Paper Structure (62 sections, 3 equations, 5 figures, 13 tables)

This paper contains 62 sections, 3 equations, 5 figures, 13 tables.

Figures (5)

  • Figure 1: Argument Role F1 performance on the M2E2 benchmark WASE using direct prompting. Text-only LLMs utilize Qwen3-VL-8B-Thinking to generate visual descriptions as additional input, while LVLMs process images directly. The SOTA model X-MTL X-MTL and our proposed ECHO are included for reference.
  • Figure 2: Overview of ECHO. Blue vertices are text entity mentions (surface spans in $T$) and green vertices are image object regions (bounding boxes in $I$); large circles are event hyperedges.

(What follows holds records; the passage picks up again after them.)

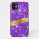 This glittzy and glitterific purple iPhone case is the perfect way to show off your personal style. The cover is covered in a luxurious layer of purple glitter, (please note, it's printed on as part of the design) and your name is displayed in a stylish gold banner. The case is made of high-quality materials that will protect your phone from bumps and scratches. You'll definitely make a sparkling impression with this gorgeous, glittering phone case. Perfect for purple lovers, or just for people who love to shine!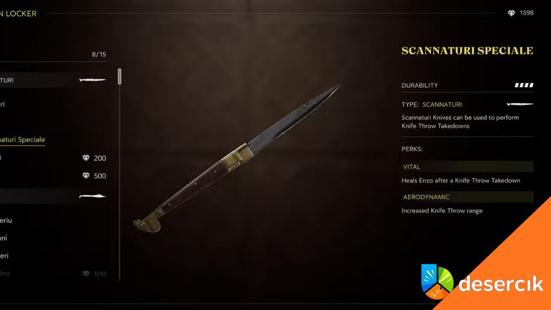 Dzięki tym nożom możesz zabić wroga z dystansu. Gra wskaże cel i odpowiedni przycisk, kiedy throw jest możliwy. Gracze, którzy zakupili grę wcześniej, dostają od razu Scannaturi Speciale, który dodatkowo leczy Enzo po zabójstwie nożem i zwiększa zasięg rzutu.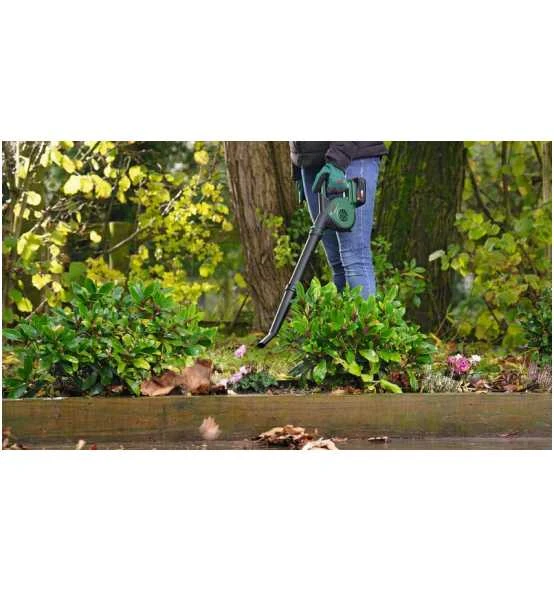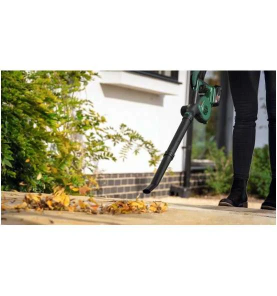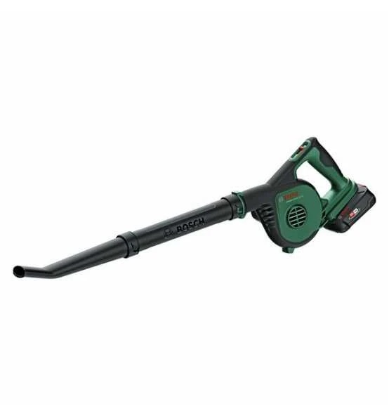 Akku-Laubbläser UniversalLeafBlower 18V-130. Leichter Akku-Laubbläser für schnelles und leichtes Säubern im Außenbereich. Beseitigt mühelos Laub und kleinere Schmutzteile von kleinen bis mittelgroßen Flächen. Leicht und kompakt: wiegt nur 1,6 kg und verfügt über einen bequemen, ergonomischen Griff. Leichte Bedienung mit 2 Geschwindigkeitsstufen für vielseitiges Säubern. Schnell und kraftvoll mit einer Luftstromgeschwindigkeit von bis zu 245 km/h. Syneon Technology für optimale Kraft und Ausdauer nach Bedarf. Kompatibel mit Bosch 18V POWER FOR ALL-Akku. 1 x Akku PBA 18V 2.5Ah; Ladegerät AL 18V-20; Kartonschachtel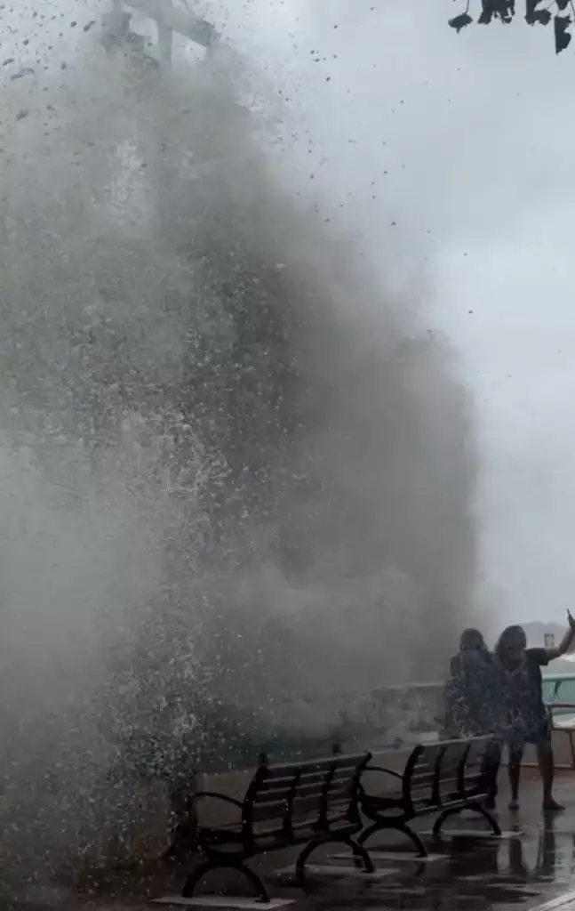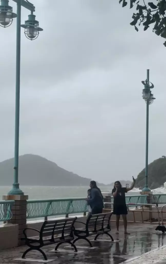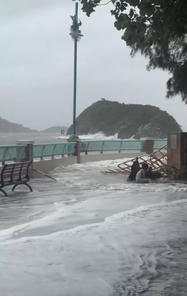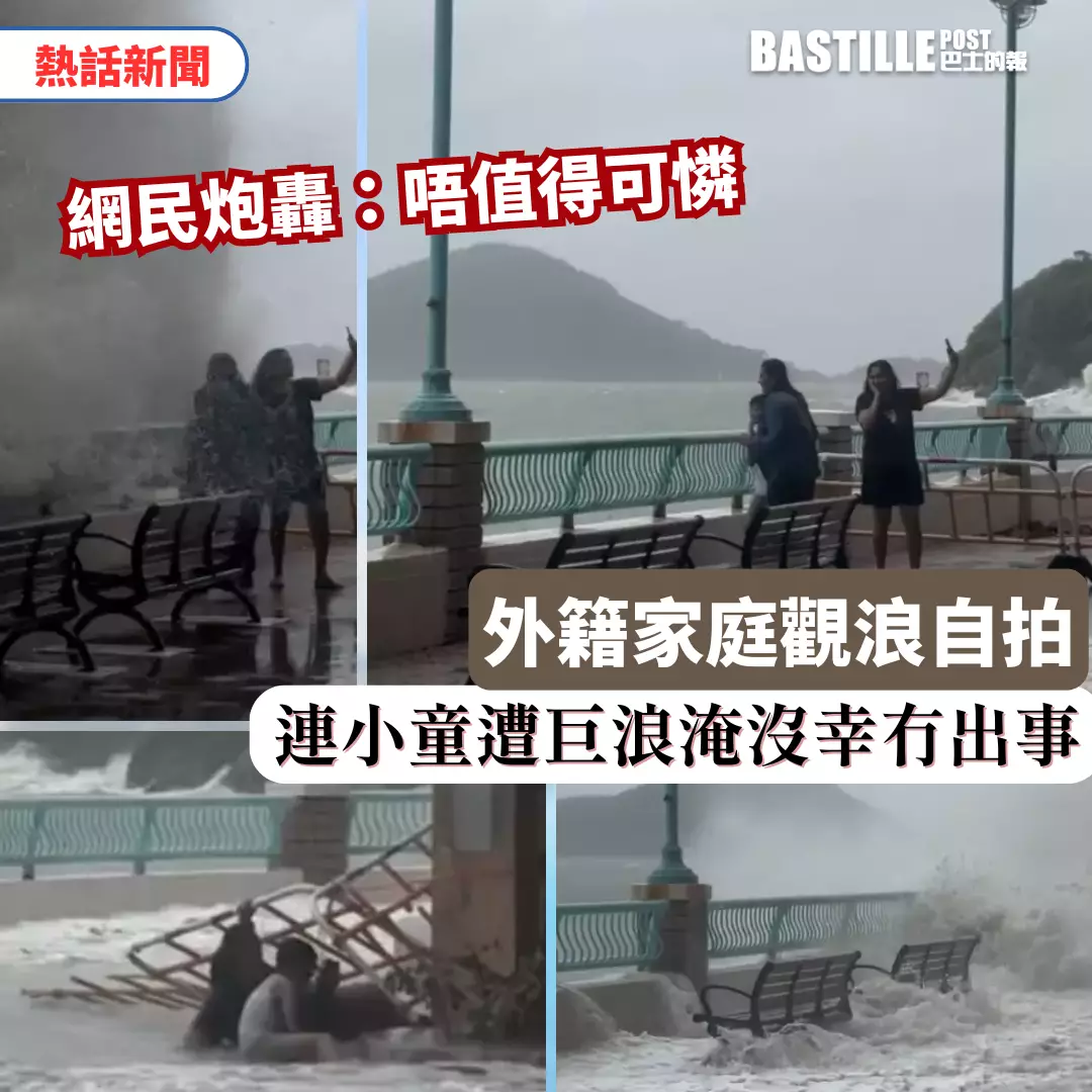 超強颱風樺加沙襲港,星期二(9月23日)有一家4口在柴灣觀浪,結果3人遇險送院。星期三(9月24日)網上再瘋傳一則影片,海怡半島岸邊疑似外籍一家三口觀浪自拍,當中包括2名女子及1名小童,其間數米巨浪突襲,瞬間把3人被淹沒。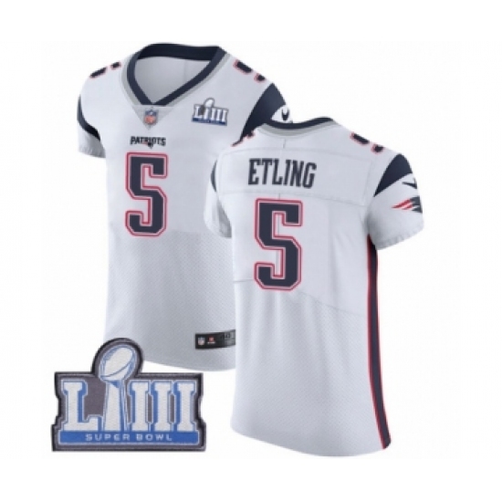 Men's Nike New England Patriots #5 Danny Etling White Vapor Untouchable Elite Player Super Bowl LIII Bound NFL Jersey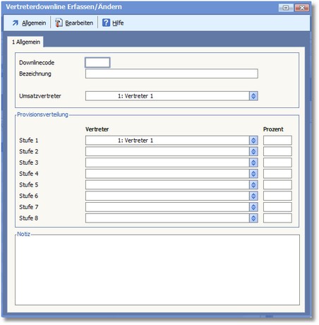 Der Dialog "Vertreterdownline Erfassen/Ändern" wird geöffnet.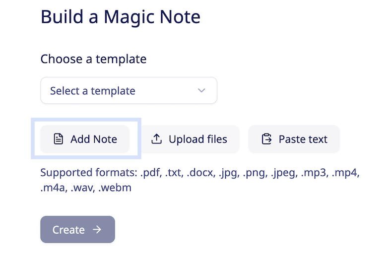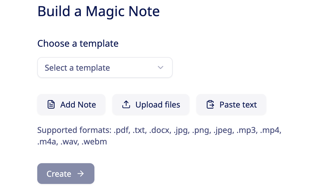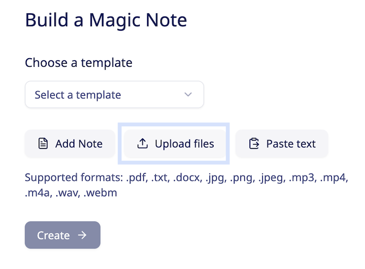 Please Note: Magic Reports accepts the following file formats: .pdf, .txt, .docx, .jpg, .png, .jpeg, .mp3, .mp4, .m4a, .wav, .webm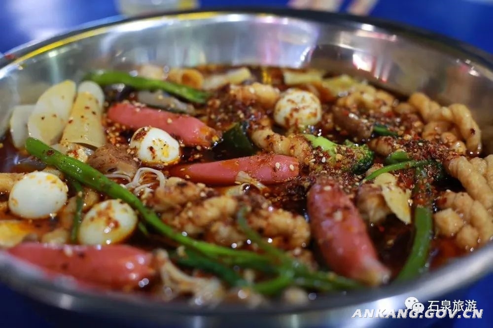 汉江鱼味道鲜美、肉质滑嫩,既没有塘鱼的粗粝,也没有海鱼的腥味,不仅让当地人百吃不厌,更是征服了五湖四海游客的胃,成为了难忘的味觉记忆。石泉知名度最高的一道“硬菜”。一条汉江里长大的鱼,经过炭烤后在加上秘制汤料放在炭火上慢慢煨着,一席人围桌而坐,再叫上几盘爆菜、凉菜、啤酒,这就是石泉夜市标配了。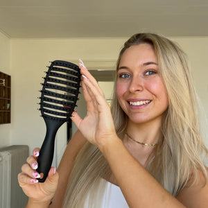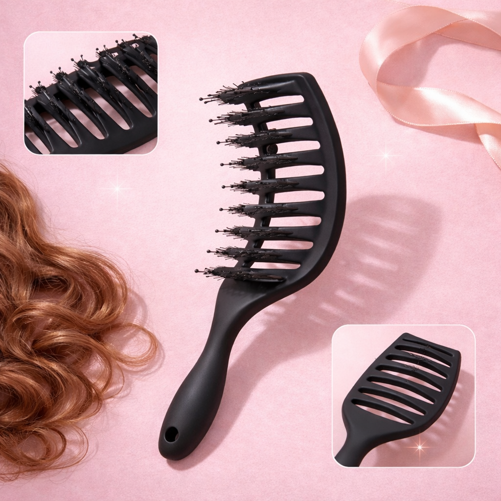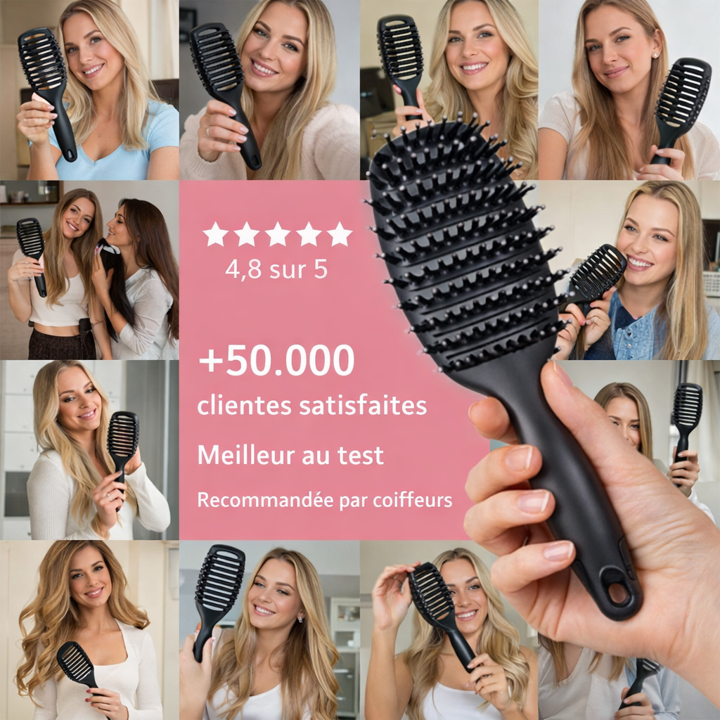 Sa forme incurvée ergonomique épouse parfaitement le cuir chevelu pour un brossage fluide, agréable et efficace même sur cheveux épais ou rebelles.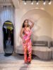 The Belinda Jumpsuit is the definition of bold femininity. Crafted from a sleek, body-hugging stretch fabric, it features a vibrant swirl print in shades of orange, pink, and coral — radiating warmth and confidence. The plunging halter neckline enhances your décolletage, while the open-back design adds a sensual edge that perfectly balances allure and class.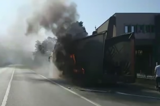 VIDEO Un tir a ars ca o torță în zona Porțile de fier I: O anvelopă a luat foc în mers

Given $D=(T,I)$, Stage I constructs the vertex inventory and initializes an edge-free MEHG; Stage II agents negotiate MEHG updates via auditable atomic operations; Stage III performs role binding and consolidation/normalization to produce schema-consistent event predictions.
  • Figure 3: F1 comparison of Direct prompting, MetaGPT-style multi-agent baseline, and ECHO on M2E2 across textual, visual, and multimedia settings.
  • Figure 4: Ablation on the multimedia setting of M2E2. We report F1 for EM and AR with three backbones.
  • Figure 5: Negotiation budget analysis for Stage II under early stopping. (a) Proportion of samples that stop by round $k$ (i.e., $T_{\mathrm{used}} \le k$) when varying the maximum budget $T_{\max}$. (b) Distribution of the number of committed atomic operations per sample. (c) Sensitivity of extraction performance to $T_{\max}$, reported as $\Delta$F1 (percentage points) relative to $T_{\max}{=}2$.